Nitroaryls- A less-toxic alternative reagent for ozonolysis: modelling the final step to form carbonyls.

Saturday, October 8th, 2022

Sometimes you come across a reaction which is so simple in concept that you wonder why it took so long to be accomplished in practice. In this case, replacing toxic ozone O3 as used to fragment an alkene into two carbonyl compounds (“ozonolysis”) by a relatively non-toxic simple nitro-group based reagent, ArNO2 in which the central atom of ozone is substituted by an N-aryl group. As reported by Derek Lowe, two groups have published[1], [2] details of such a reaction (Ar = 4-cyano or 3-CF3,5-NO2). But there are (at least) two tricks; the first is to use photo-excitation using purple LEDs (390nm light) to activate the nitro group.
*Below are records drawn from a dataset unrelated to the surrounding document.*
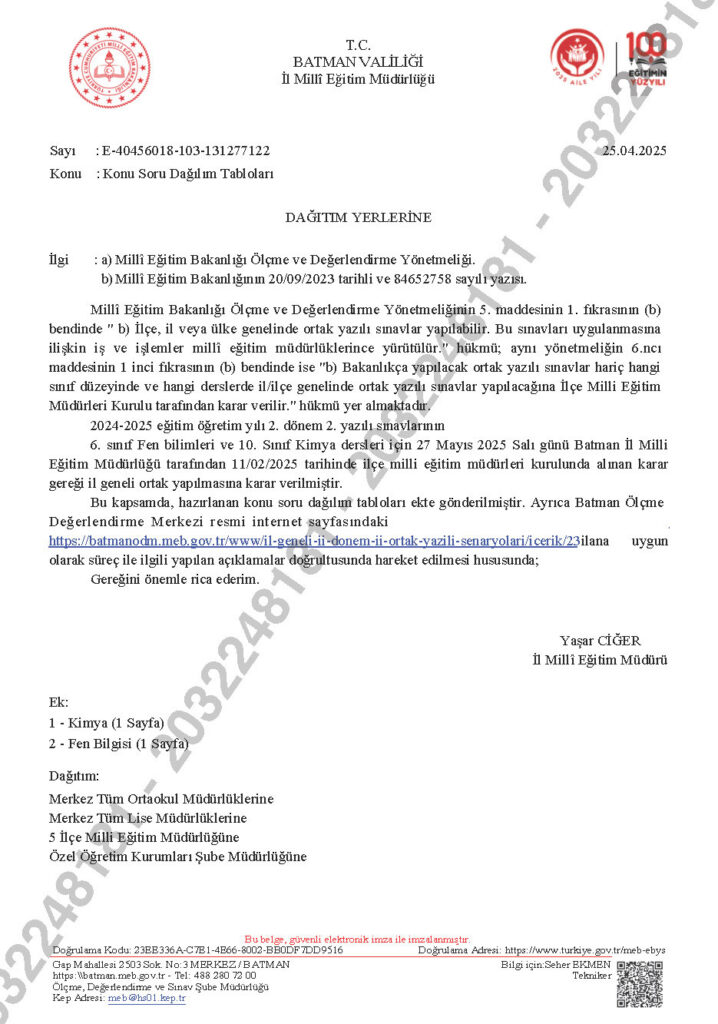 2025 2.Dönem Ortak 2.Yazılı Sınavları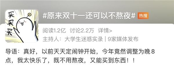 “晚8点”现象也一举成为全国各地老百姓的热议话题,大家纷纷表示双十一提前到晚8点是非常人性化的举措。在记者走访中,有上班族表示“终于可以不用加班熬夜、买东西还熬夜了”;有二胎父母表示“晚上8点的双十一才算‘节’,零点的是‘劫’”;有中老年人表示“不熬夜更健康,也能参与双十一了”;还有很多人表示“晚8点”又重燃了他们对双十一的热情。在微博社交平台,海量网友讨论的不再仅仅是买什么,更多的是热评晚8点,“原来双十一还可以不熬夜”的话题登上热搜,大家对“晚8点”的关注度可见一斑。
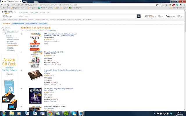 | Fig 4. VFX and CG for Producers and Filmmakers number 1 bestseller in ‘Web Graphics’ category on Amazon, 16th Feb 2013 |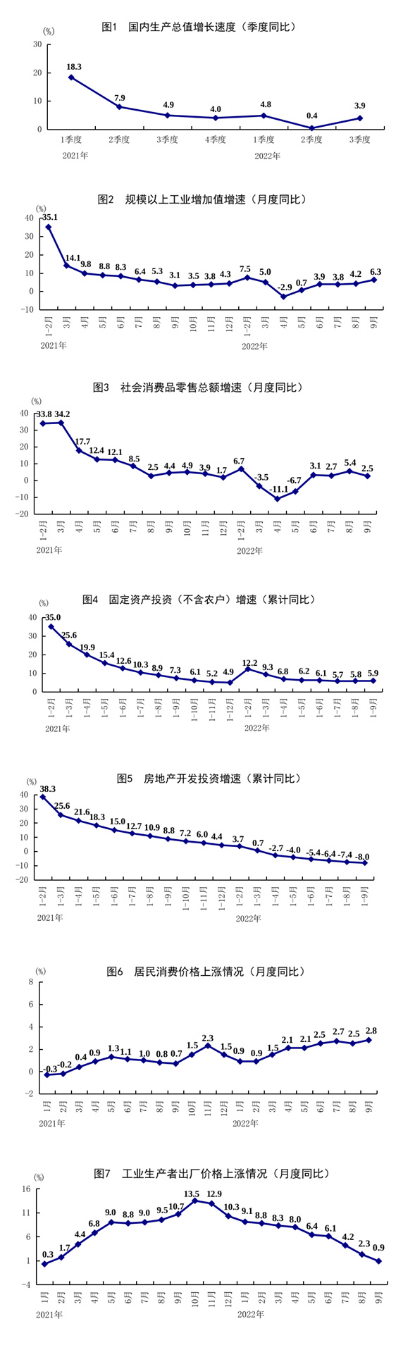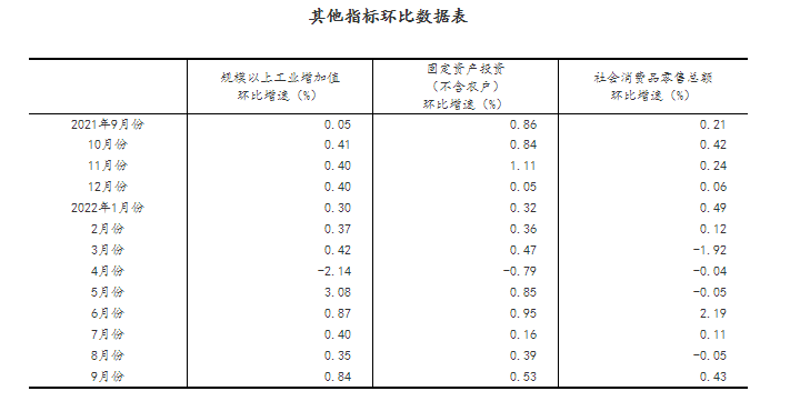 (2)根据季节调整模型自动修正结果,对近一年来各期国内生产总值、规模以上工业增加值、固定资产投资(不含农户)、社会消费品零售总额环比增速进行修订。修订结果及2022年三季度GDP环比数据、2022年9月份其他指标环比数据如下: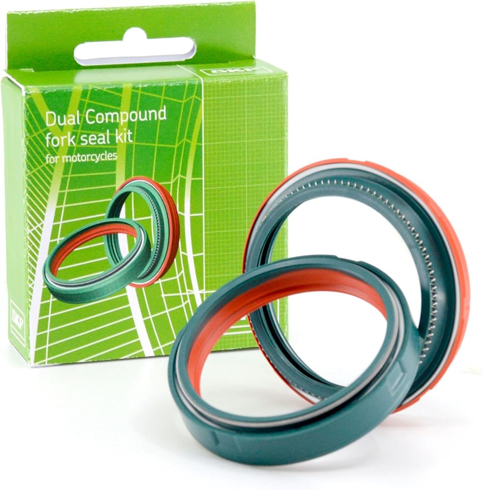 The kit allows for installation on a single fork tube. For a complete forks revision, two kits are required. SKF's innovative Dual Compound fork seals are renowned for their superior performance in terms of smoothness, extreme protection capability against water and dirt, and for providing the rider with the best riding experience. These seals are manufactured using SKF's proprietary "Super Low Friction NBR" compounds, known for their advanced properties. They feature a robust internal metal stamping that provide proper support for the sealing lips, ensuring less fork stiction and exceptional durability.The two compounds used, green and red, have unique characteristics. The green part is tough and durable while maintaining high surface grip properties without compromising friction. The red part, on the other hand, is soft and flexible, making it the optimal solution to adapt to any micro-imperfections of the fork tube while allowing exceptional fork movement.The fork wiper has undergone a complete redesign and is equipped with a self-cleaning, open-wind spring to increase sealing pressure. The new spring allows mud to flow through the open coil, ensuring a stable radial load on the sealing lip and optimizing contact pattern to the shaft.The new metallic component inside the dirt scraper and oil seal provides essential structural integrity to optimize the functions of the sealing lips. These lips are redesigned on both components to ensure maximum contamination exclusion and to enhance followability on the shaft.This product represents the most advanced solution in the fork seal market, offering a unique combination of materials and design that ensures durability, superior performance, and adaptability in all operating conditions.

The second is to establish the best aryl substituents to use for achieving maximum yields of the carbonyl compounds and the best conditions for achieving the cyclo-reversion reaction, shown below as TS1. That step requires heating the cyclo-adduct up to ~80° in (aqueous) acetonitrile for anywhere between 1-48 hours. Here I take a computational look at that last step, the premise being that if such a model is available for this mechanism, it could in principle be used to optimise the conditions for the process.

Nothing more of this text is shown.